■ **About this exercise**: Starting at the first line of the data, print each line verbatim up to and including the line bearing "展开能够让我方成员所受伤害减", omitting pictures.

■ **Records**:
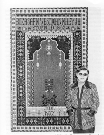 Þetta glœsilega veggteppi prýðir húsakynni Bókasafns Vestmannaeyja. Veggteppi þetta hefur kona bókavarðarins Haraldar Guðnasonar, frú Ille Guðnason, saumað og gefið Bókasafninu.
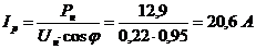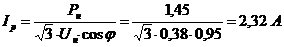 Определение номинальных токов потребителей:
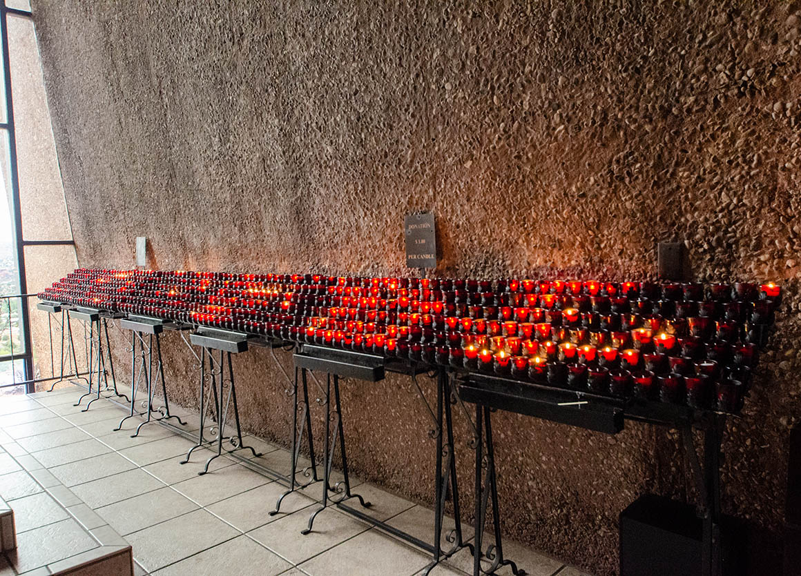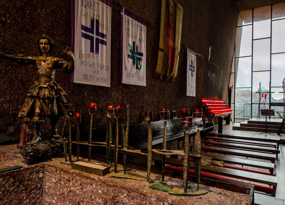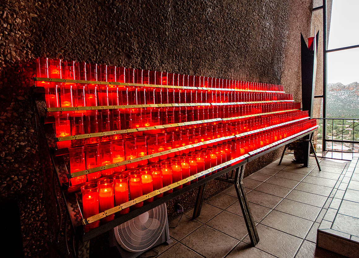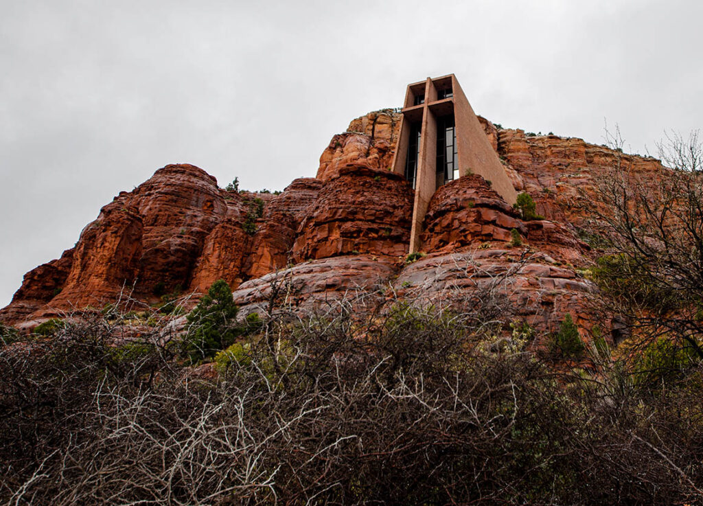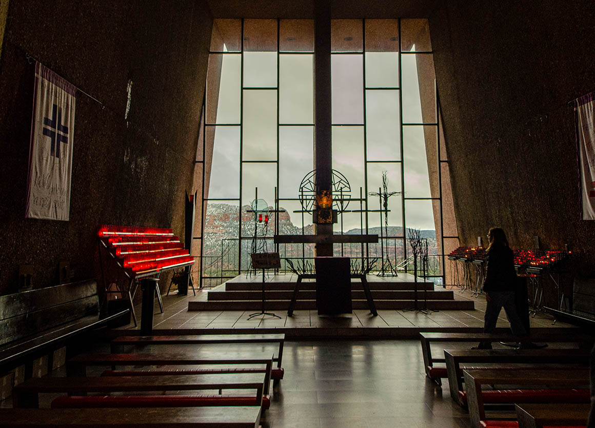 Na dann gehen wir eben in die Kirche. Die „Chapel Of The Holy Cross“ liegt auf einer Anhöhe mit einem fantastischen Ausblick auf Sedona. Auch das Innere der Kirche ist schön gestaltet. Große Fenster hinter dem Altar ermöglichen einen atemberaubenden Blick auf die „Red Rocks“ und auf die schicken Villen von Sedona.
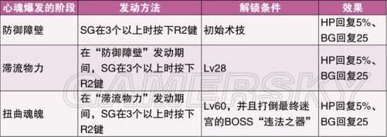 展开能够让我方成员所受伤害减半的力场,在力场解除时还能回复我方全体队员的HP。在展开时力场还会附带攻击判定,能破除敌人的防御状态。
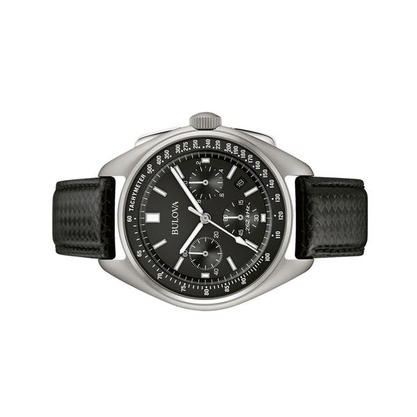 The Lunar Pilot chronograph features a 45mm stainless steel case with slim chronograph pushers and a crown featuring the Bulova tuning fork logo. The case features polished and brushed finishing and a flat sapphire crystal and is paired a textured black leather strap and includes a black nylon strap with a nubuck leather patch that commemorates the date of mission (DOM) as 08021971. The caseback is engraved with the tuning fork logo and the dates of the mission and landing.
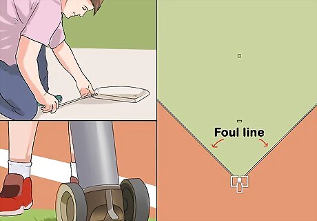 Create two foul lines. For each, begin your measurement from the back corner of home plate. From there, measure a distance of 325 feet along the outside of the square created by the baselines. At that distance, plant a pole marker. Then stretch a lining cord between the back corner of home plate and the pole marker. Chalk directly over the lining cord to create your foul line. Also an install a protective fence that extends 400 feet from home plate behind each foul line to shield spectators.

■ **Your response**:
 Þetta glœsilega veggteppi prýðir húsakynni Bókasafns Vestmannaeyja. Veggteppi þetta hefur kona bókavarðarins Haraldar Guðnasonar, frú Ille Guðnason, saumað og gefið Bókasafninu.
 Определение номинальных токов потребителей:
 Na dann gehen wir eben in die Kirche. Die „Chapel Of The Holy Cross“ liegt auf einer Anhöhe mit einem fantastischen Ausblick auf Sedona. Auch das Innere der Kirche ist schön gestaltet. Große Fenster hinter dem Altar ermöglichen einen atemberaubenden Blick auf die „Red Rocks“ und auf die schicken Villen von Sedona.
 展开能够让我方成员所受伤害减半的力场,在力场解除时还能回复我方全体队员的HP。在展开时力场还会附带攻击判定,能破除敌人的防御状态。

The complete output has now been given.